C’est l’histoire d’une femme qui prévient sa nourrice, Oenone, dès son entrée sur scène, que c’est la dernière fois qu’elle voit le soleil se lever « Soleil je te viens voir pour la dernière fois »...

... et cette femme qui n’a ni mangé ni bu ni dormi depuis trois jours n’est ni une pleurnicheuse de Caliméro, ni une drama queen de bazar, cette femme sait ce qu’elle dit, à l’acte V, droite dans ses cothurnes, elle expire avec ces derniers vers : 

Déjà je ne vois plus qu’à travers un nuage  
Et le ciel et l’époux que ma présence outrage  
Et la mort à mes yeux dérobant la clarté  
Rend au jour, qu’ils souillaient, toute sa pureté.

Et c’est là que Racine est fort, on ne peut pas s’empêcher de se dire, de lui dire à elle, pendant les autres actes, « Mais enfin, non! c’est pas possible, ça va aller, meuf, tiens le coup ». 

C’est que Racine, le malin, pense au spectateur - après tout c’est du spectacle aussi - et ainsi à la fin de l’acte 1, on apprend officiellement la mort de Thésée. Alors Oenone, la nourrice, qui a élevé Phèdre, tenu lieu de mère, fait son boulot de mère : 

  1. phase 1, le chantage affectif : "Mon pays, mes enfants , pour vous j’ai tout quitté/ réserviez vous ce prix à ma fidélité?"

  2. phase 2 : pense à tes mômes "Le roi n’est plus, Madame; il faut prendre sa place".

Et ça fonctionne.
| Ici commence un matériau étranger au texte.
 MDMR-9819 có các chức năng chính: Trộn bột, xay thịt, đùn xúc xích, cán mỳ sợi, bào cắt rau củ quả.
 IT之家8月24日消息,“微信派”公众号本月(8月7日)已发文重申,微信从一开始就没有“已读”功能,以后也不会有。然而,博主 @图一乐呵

Et Phèdre rencontre Hippolyte pour causer testament, ordre des héritiers et barème des droits de succession… Enfin, officiellement. En réalité, ça dérape. Hippolyte suppose qu’elle est bien triste. Phèdre dérape. Elle s’égare. 

Phèdre, qui se pense veuve, se lance : 

Oui, Prince, je languis, je brûle pour Thésée  
Je l’aime, non point tel que l’ont vu les enfers,  
Volage adorateur de mille objets divers,  
Qui va du dieu des morts déshonorer la couche .. 
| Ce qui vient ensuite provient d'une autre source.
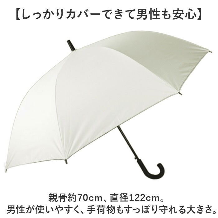 | 商品説明 | 【晴れの日も雨の日もお出かけの相棒】日傘&雨傘として使える「ATTAIN 紳士 晴雨兼用 長傘」親骨70cmタイプ。【一級遮光で晴れた日の味方】UVカット率99.9%、UPF50+!光を通しにくい生地を使い、気になる紫外線をカット。【暑い日の熱中症対策にも効果的】内側ブラックコーティング。光を反射させて温度の上昇を防ぐ遮熱効果で、照り返しもガード。(※)-18度の遮熱効果があります。人工太陽照明灯を30分照射後の数値です。【お天気が不安定な日にも対応】晴れの日だけでなく、雨の日にも使える兼用傘。どちらの天候も万能に対応。【ワンタッチでラクラクオープン】片手でサッと開きやすいジャンプ式。荷物を持っている時も、スマートに開ける◎【しなやかで丈夫なグラスファイバー】親骨は、弾力性があり折れにくいグラスファイバー。強度が高く、使い勝手抜群。【しっかりカバーできて男性も安心】親骨約70cm、直径122cm。男性が使いやすく、手荷物もすっぽり守れる大きさ。【サクッと留められるボタン式バンド】傘生地を留めるバンドは、バチンっと留めやすいスナップボタン式。【手を濡らさずに傘をたためて便利】つゆ先を束ねる口ネームバンド付き。傘の広がりを抑え、サッとたたむことが可能。【シーンを選ばないシンプルデザイン】無駄な装飾を省いた仕上がり。ビジネススタイルにも馴染むカラーバリエーション。 |

Oui, Thésée, c’est comme la Parisienne de Marie-Paule Belle, il a une obsession, c’est le sexe. Avec tout ce qui porte tunique. Fille, femme, demi déesse, grecque ou amazone, le gars ne fait pas dans le détail.

Donc Phèdre précise : pas ce Thésée-là, donc pas Thésée du tout …
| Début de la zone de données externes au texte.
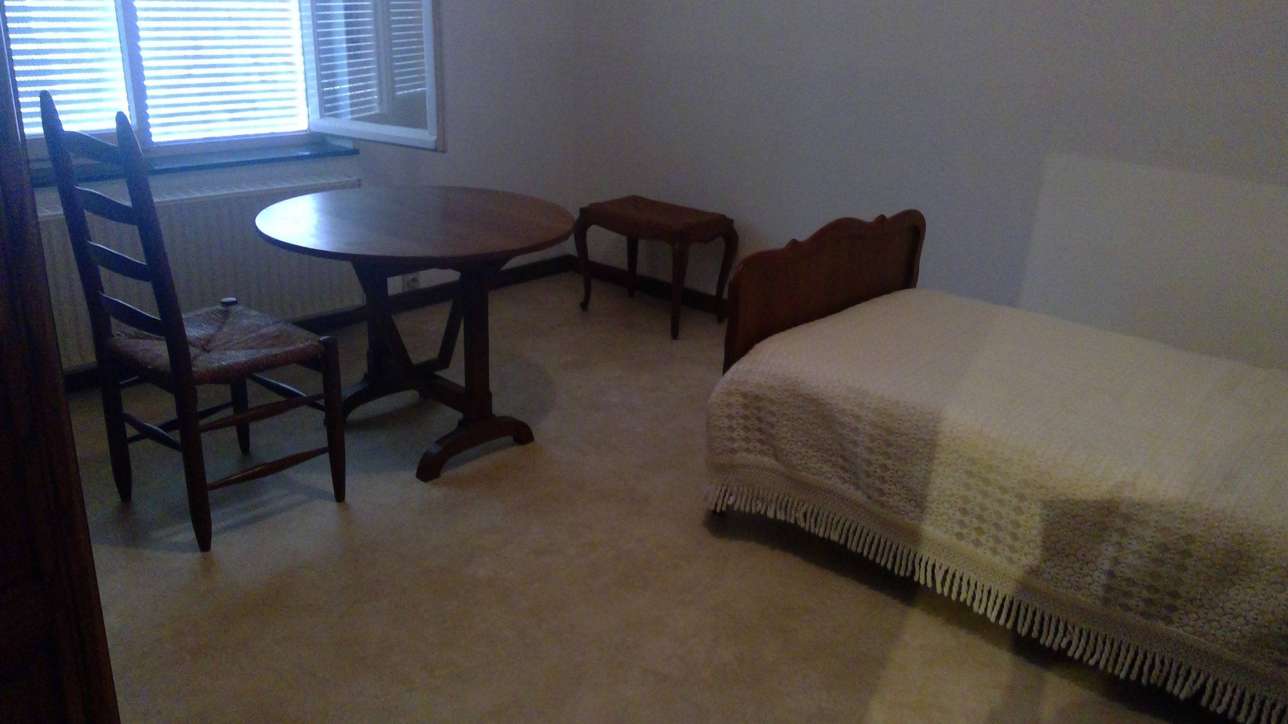 Chambre A : 25m², lit 1 personne, garde-robe, table et chaise 30,00€/nuit du lundi au vendredi, 45.00€ le WE (samedi, dimanche)

Mais fidèle, mais fier, et même un peu farouche,  
Charmant, jeune, trainant tous les coeurs après soi,  
Tel qu’on dépeint nos dieux, ou tel que je vous vois

Là, Hippolyte, ne peut plus prétendre ne rien comprendre. Et laisse voir sa surprise et son horreur. Phèdre se jette sur son épée pour en mourir, (coucou Freud) mais Oenone, quasi la maman de Phèdre on le rappelle, s’interpose et lui arrache l’épée des mains. (re coucou Sigmund). 

C’est atroce et comme si c’était pas suffisamment abominable, tuutututt! (trompette) qui c’est qui finalement n’est pas mort? C’est Thésée.